_TASK STATEMENT_
Pictures excluded, copy word for word the lines from the one holding "Blacklight Mandala Boho" through the last line below.

_DATA SHOWN_
──────────────────────────────

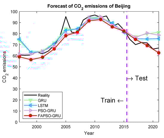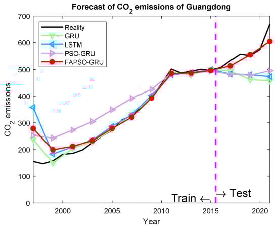 To verify the performance of FAPSO-GRU in predicting the total CO2 emissions in Hainan Province, we selected GRU, LSTM, and PSO-GRU as the control group of the experiment. As PSO is an optimizer, some of the parameters of PSO-GRU and FAPSO-GRU were different from GRU with LSTM. However, to ensure the fairness of the experiment, we made sure that the parameters were equal except for the optimization object parameter. The specific details of the parameters are shown in Table 1. Population size represents the number of particles involved in the evolution process, and the number of iterations indicates the number of times the algorithm iterates. To intuitively demonstrate the error between the prediction results and the true values of FAPSO-GRU and the control group in the training and test sets, we show the training and testing results for each algorithm as shown in Figure 3.
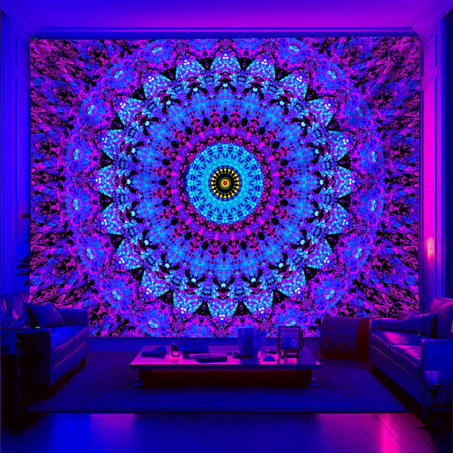 Blacklight Mandala Boho Tapestry, Black Light Bohemian Hippie Poster for Adults and Teens, UV Reactive Aesthetic Wall Art Decor for Bedroom (90 x 70 Inches)
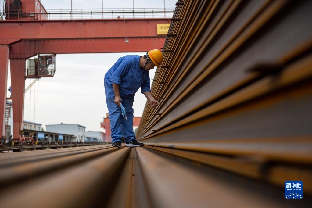 罗宇航在郑州工务机械段焊轨车间检查钢轨母材(9月9日摄)。

──────────────────────────────

_ANSWER TO THIS EXERCISE_
 Blacklight Mandala Boho Tapestry, Black Light Bohemian Hippie Poster for Adults and Teens, UV Reactive Aesthetic Wall Art Decor for Bedroom (90 x 70 Inches)
 罗宇航在郑州工务机械段焊轨车间检查钢轨母材(9月9日摄)。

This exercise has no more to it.